I have two daughters and the other lives just past Barnstaple, so a trip from North Lincolnshire is a good 300 miles one way, and we do that about 6/7 times a year. While coming home, we get about half way (150 miles) on the M5 just before we turn onto the M42, I say to her "are you hungry or want the toilet", if she says "no" we do the journey in one jump.
Your right about people doing shorter journeys, If you just have it for shopping and things, and as a second car.
You didn't mention about the extra cost to your electricity bill? You never see anywhere the actual electric cost incurred by the owners by the manufacturers?
The Prius and the Leaf
are fitted with an artificial noise generator that works up to around 20mph.
So the guy is either switching it off or they're deaf.

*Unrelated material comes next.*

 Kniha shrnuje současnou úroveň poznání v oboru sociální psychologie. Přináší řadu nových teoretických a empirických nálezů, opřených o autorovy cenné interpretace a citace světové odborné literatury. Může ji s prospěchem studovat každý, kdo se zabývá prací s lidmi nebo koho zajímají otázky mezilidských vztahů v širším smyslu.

Your 300 miles in one go is an extreme, the huge majority of drivers won't do that - they'll have a break and top up the car while they have a cuppa.

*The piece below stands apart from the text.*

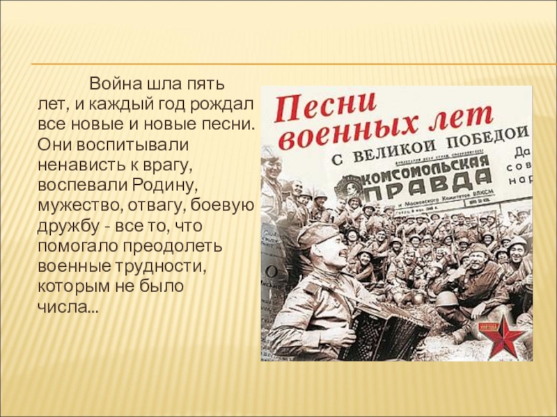 и новые песни. Они воспитывали ненависть к врагу, воспевали Родину, мужество, отвагу, боевую дружбу - все то, что помогало преодолеть военные трудности, которым не было числа...

But 300 mile range will come, of course it will, the tech is improvong all the time.
Charging costs for a 30KW Leaf are around £3.60 to do 110 miles (based on 13p per kWh)
No offence, but your queries are fine and normal of the ignorance (for want of a better word) surrounding electric cars.
But the fact still is they still suit loads of people
right now, they're great.
110 miles for £3.60 does not equate to 1/10 the fuel cost it equates to the equivalent of about 167mpg, which is impressive enough, but that is best Summer performance on a brand new battery. In the Winter when you get more like 70 miles per charge, that drops to 107mpg - still impressive. Your costings are about 10% optimistic compared to Nissan's own webpages (They quote £4.20 per charge based on 14p/kW which is about £3.90 per charge @ 13p/kW, so more like 150mpg equivalent in Summer and 95mpg Winter.
Those kW charges are doubled on a public charge point you pay for, putting price per mile back in the realms of a 1.0TSI or 2.0TDI.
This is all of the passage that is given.